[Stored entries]
________________

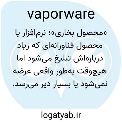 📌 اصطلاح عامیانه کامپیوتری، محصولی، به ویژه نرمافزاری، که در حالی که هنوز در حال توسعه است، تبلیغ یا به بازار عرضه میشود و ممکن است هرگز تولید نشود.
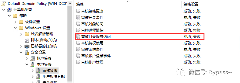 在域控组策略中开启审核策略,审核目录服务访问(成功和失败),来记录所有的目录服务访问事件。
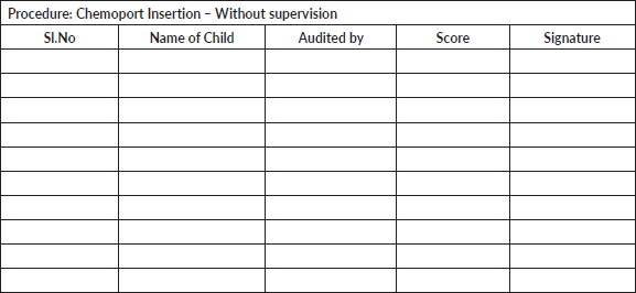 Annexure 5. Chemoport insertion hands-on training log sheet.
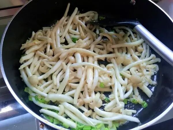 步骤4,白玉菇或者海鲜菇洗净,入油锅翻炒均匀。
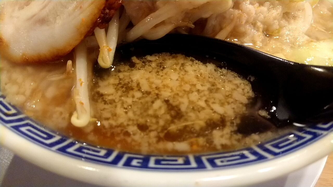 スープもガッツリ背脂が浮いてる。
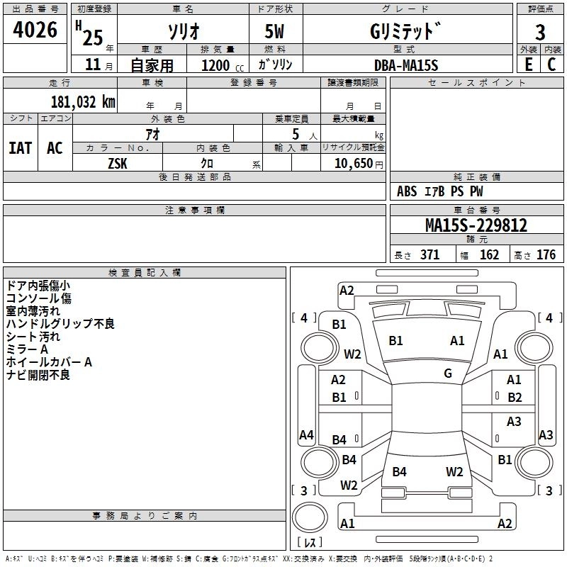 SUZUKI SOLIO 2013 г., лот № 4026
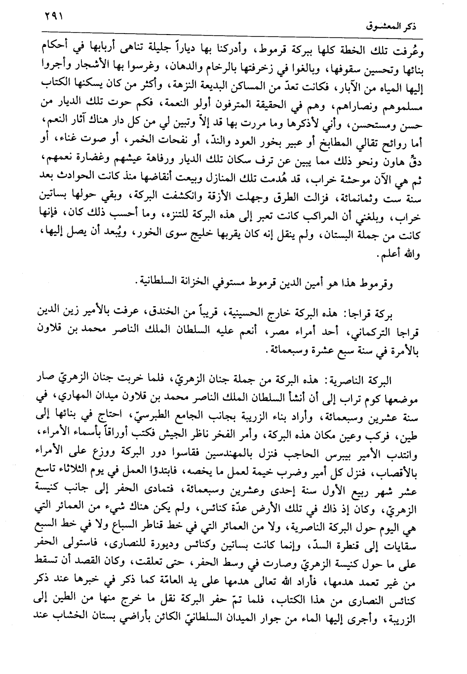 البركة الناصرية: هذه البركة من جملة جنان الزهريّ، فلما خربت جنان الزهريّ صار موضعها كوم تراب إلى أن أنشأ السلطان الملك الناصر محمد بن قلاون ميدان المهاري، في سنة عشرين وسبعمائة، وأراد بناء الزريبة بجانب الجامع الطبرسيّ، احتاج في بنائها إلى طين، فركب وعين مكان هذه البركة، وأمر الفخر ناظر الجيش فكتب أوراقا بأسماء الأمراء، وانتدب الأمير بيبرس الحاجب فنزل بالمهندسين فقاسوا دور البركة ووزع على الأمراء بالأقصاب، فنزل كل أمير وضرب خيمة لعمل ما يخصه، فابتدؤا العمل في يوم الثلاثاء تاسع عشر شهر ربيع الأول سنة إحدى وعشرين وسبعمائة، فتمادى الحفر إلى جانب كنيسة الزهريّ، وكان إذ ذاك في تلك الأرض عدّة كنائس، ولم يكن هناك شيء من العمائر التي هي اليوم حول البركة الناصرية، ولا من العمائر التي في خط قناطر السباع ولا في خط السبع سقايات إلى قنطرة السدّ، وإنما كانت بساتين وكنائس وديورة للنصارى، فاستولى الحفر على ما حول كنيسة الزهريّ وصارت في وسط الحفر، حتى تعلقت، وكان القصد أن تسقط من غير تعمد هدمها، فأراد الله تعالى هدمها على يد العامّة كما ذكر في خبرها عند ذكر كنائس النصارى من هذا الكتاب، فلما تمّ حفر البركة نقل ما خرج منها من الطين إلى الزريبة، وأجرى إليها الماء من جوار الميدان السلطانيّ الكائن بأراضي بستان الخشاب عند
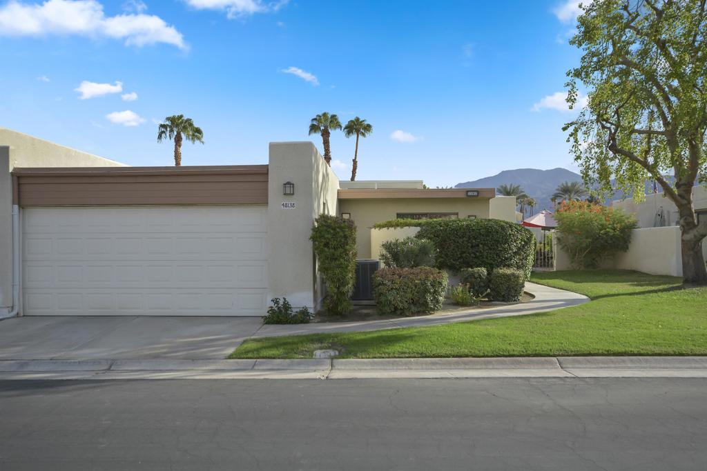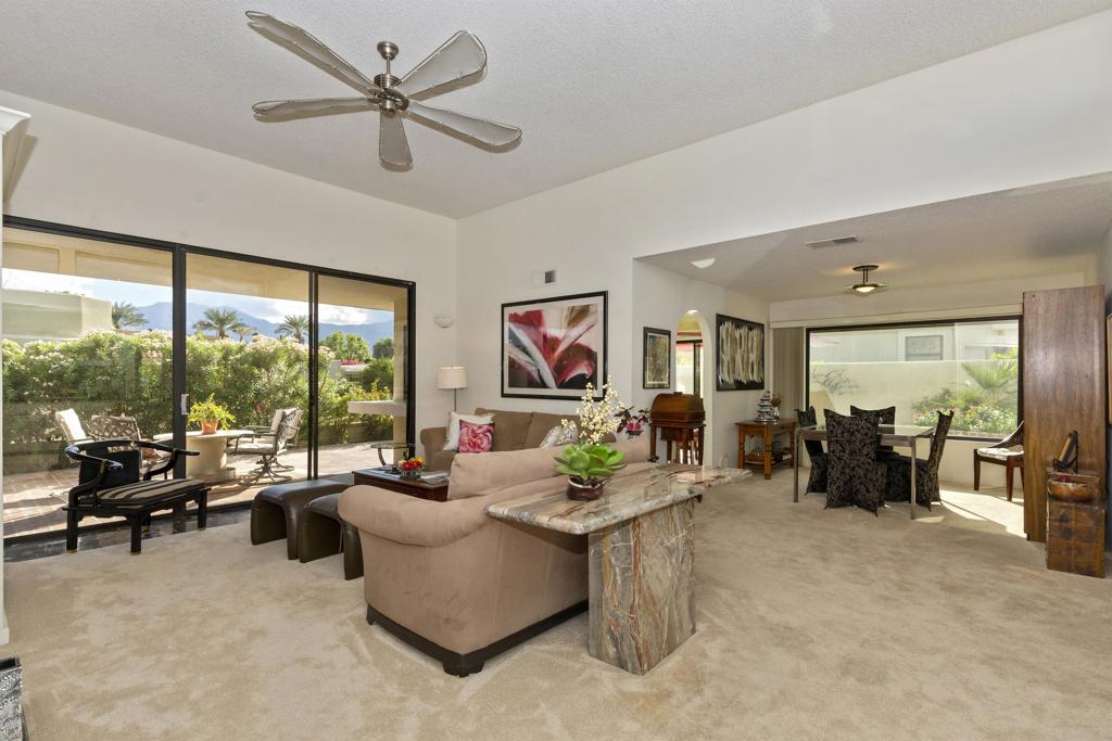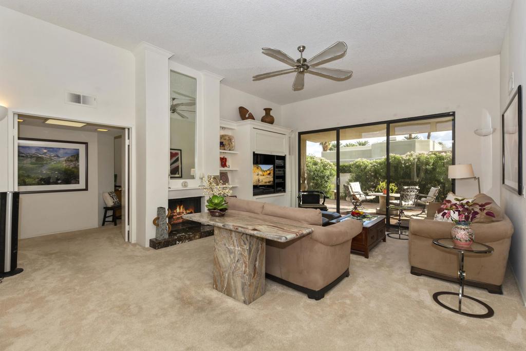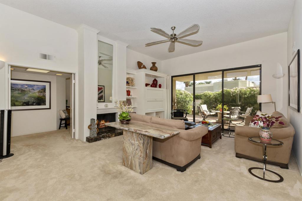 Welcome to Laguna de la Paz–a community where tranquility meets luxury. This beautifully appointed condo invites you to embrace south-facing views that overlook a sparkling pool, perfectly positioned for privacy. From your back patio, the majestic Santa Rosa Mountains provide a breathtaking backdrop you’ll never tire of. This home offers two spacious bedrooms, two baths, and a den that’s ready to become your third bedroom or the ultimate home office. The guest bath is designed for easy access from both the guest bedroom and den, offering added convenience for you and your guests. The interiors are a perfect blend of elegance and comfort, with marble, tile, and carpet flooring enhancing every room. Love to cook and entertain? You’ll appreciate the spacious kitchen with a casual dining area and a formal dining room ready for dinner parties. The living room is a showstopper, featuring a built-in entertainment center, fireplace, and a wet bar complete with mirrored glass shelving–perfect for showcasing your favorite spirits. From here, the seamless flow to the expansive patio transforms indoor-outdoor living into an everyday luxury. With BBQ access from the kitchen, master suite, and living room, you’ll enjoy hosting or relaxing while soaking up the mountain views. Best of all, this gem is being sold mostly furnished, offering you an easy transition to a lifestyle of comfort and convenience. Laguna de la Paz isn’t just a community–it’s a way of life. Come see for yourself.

________________

> **What is being asked**
Give again, word for word, the lines above from the first one through the one containing "SUZUKI SOLIO 2013 г., лот № 4026"; no pictures.

> **Output**
 📌 اصطلاح عامیانه کامپیوتری، محصولی، به ویژه نرمافزاری، که در حالی که هنوز در حال توسعه است، تبلیغ یا به بازار عرضه میشود و ممکن است هرگز تولید نشود.
 在域控组策略中开启审核策略,审核目录服务访问(成功和失败),来记录所有的目录服务访问事件。
 Annexure 5. Chemoport insertion hands-on training log sheet.
 步骤4,白玉菇或者海鲜菇洗净,入油锅翻炒均匀。
 スープもガッツリ背脂が浮いてる。
 SUZUKI SOLIO 2013 г., лот № 4026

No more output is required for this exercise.